— Кара, вы что-то спутали.
— А я помню, когда умирал Альфонс де Грене, мадам де Грене спрятала священника прямо за дверью — Альфонс не переносил их вида, — а потом впустила его, когда тело еще не остыло, она сама мне рассказывала, и по нем отслужили полную панихиду, я на ней была.
— Панихида вовсе не означает, что вы обязательно попадете в рай.
— Мадам де Грене считала, что означает.
— Она ошибалась.
— Знает ли кто-нибудь из вас, католиков, зачем нужен священник? — спросил я. — Хотите ли вы просто, чтобы ваш отец мог быть похоронен по христианскому обряду? Или вы хотите, чтобы он не попал в ад? Я прошу объяснения.
Брайдсхед стал давать мне подробные объяснения, но, когда он кончил, Кара нарушила единство католического фронта, простодушно заметив:
— Вот, а я и не знала ничего этого.
— Давайте посмотрим, — сказал я. — Человек должен проявить свободную волю, должен раскаяться и желать примирения с богом. Так? Но только бог может знать, что у него в душе, священник этого знать не может; если же священника при этом нет и он примиряется с богом в душе своей, это так же ценно, как и в присутствии священника. Вполне возможно даже, что воля действует, когда человек уже совсем слаб, не в силах внешне это ничем выразить. Так? Он может лежать неподвижно, как мертвый, и при этом активно желать примирения с богом, и бог это будет знать. Так?

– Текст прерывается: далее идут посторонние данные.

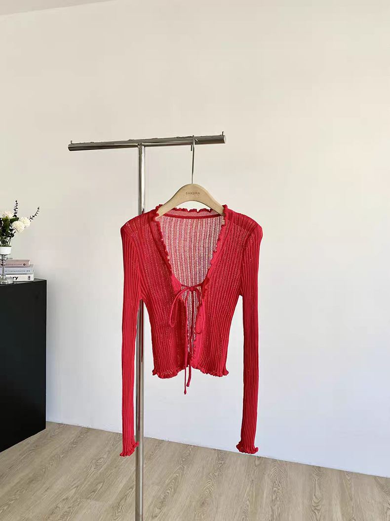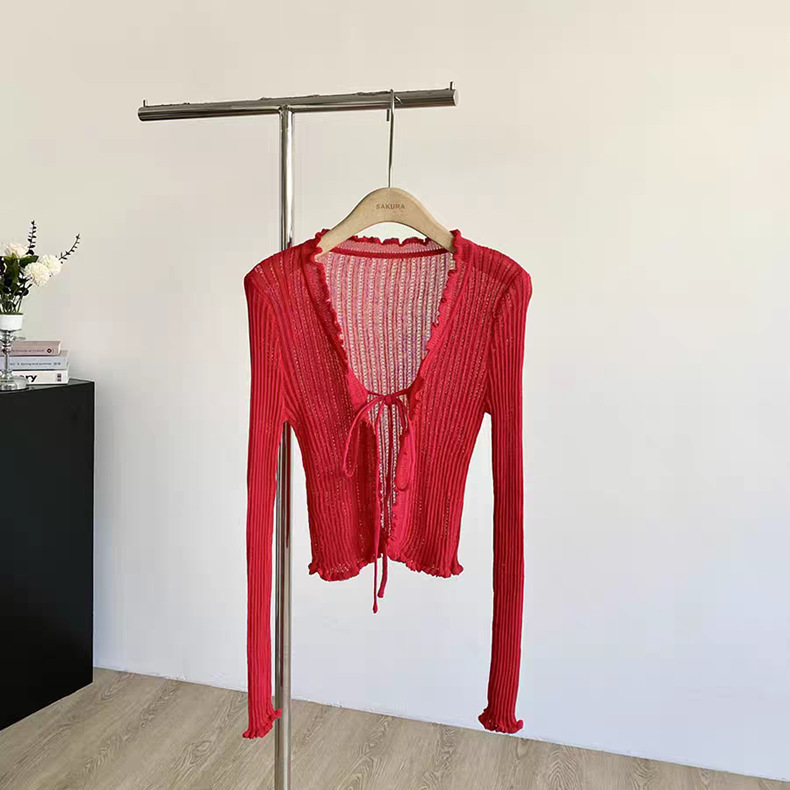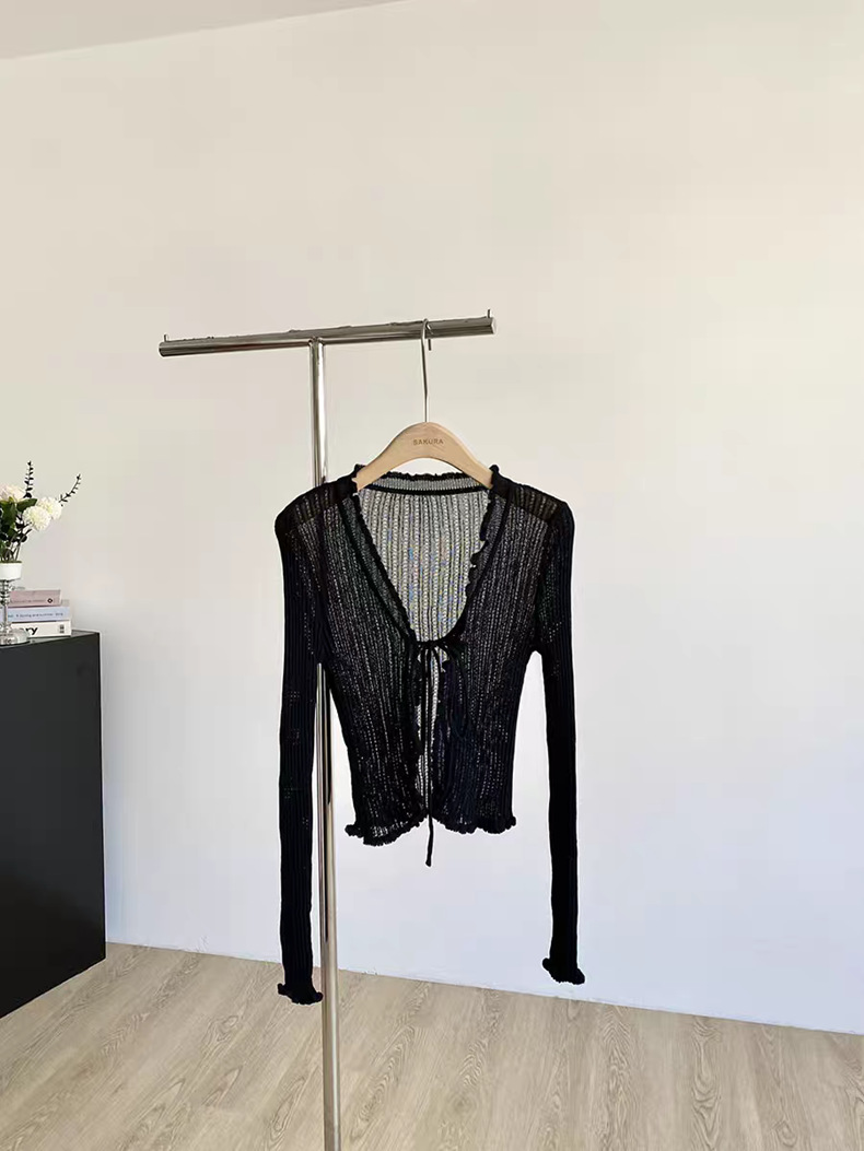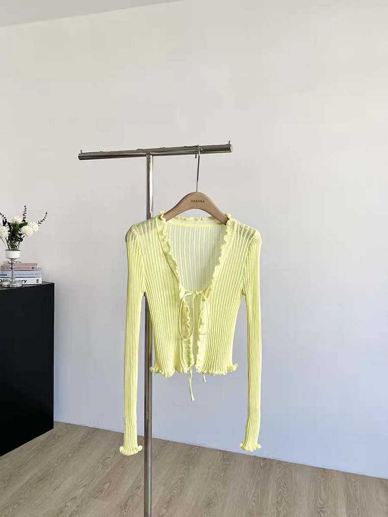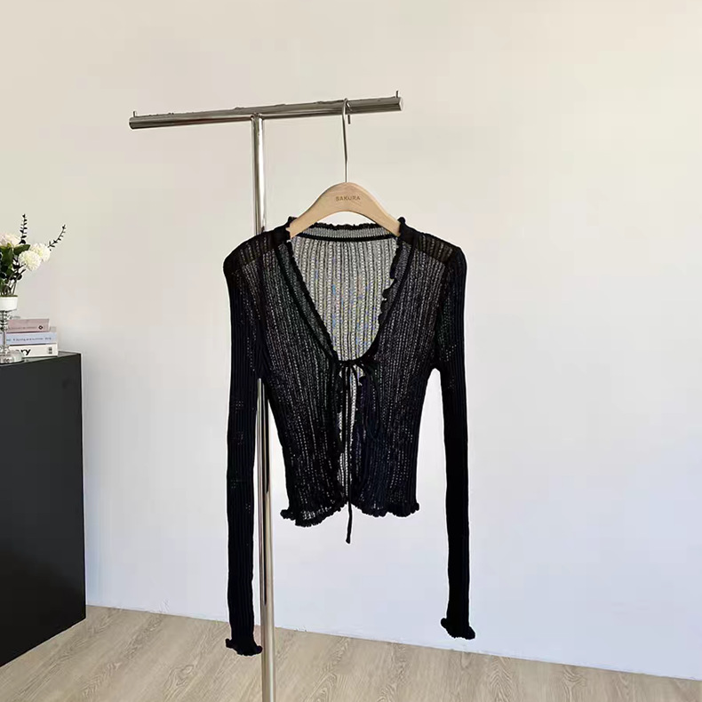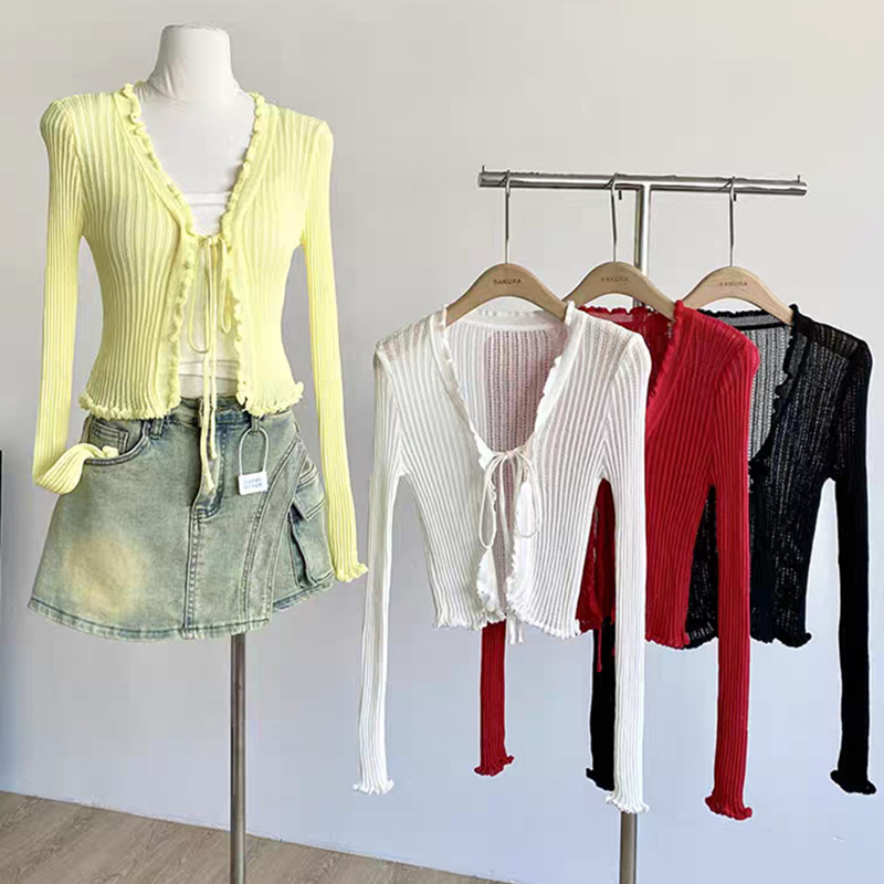 얇은 에어컨 서스펜더 스커트 자외선 차단 숄 짧은 블라우스 브이넥 디자인 틈새 나무 귓불 니트 가디건 여성용

— Приблизительно так, — ответил Брайдсхед.
— Тогда для чего же нужен священник?
Последовала пауза, во время которой Джулия тяжело вздохнула, а Брайдсхед набрал в грудь воздуха, словно готов был снова приступить к расчленению посылок. И пока остальные молчали, Кара произнесла:
— Я только знаю, что сама непременно позабочусь о том, чтобы у меня был священник.
— Благослови вас бог, Кара, — сказала Корделия. — Вот, по-моему, самый лучший ответ.
И на этом мы прекратили спор, хотя каждый про себя считал его исход неудовлетворительным.
Позже, вечером, Джулия мне сказала;
— Ты не мог бы не заводить богословских споров?
— Не я их завел.
— Ведь ты никого ни в чем не убедил и даже не убедил самого себя.
— Мне просто хочется знать, во что эти люди верят. Ведь они говорят, что у них всё на логической основе.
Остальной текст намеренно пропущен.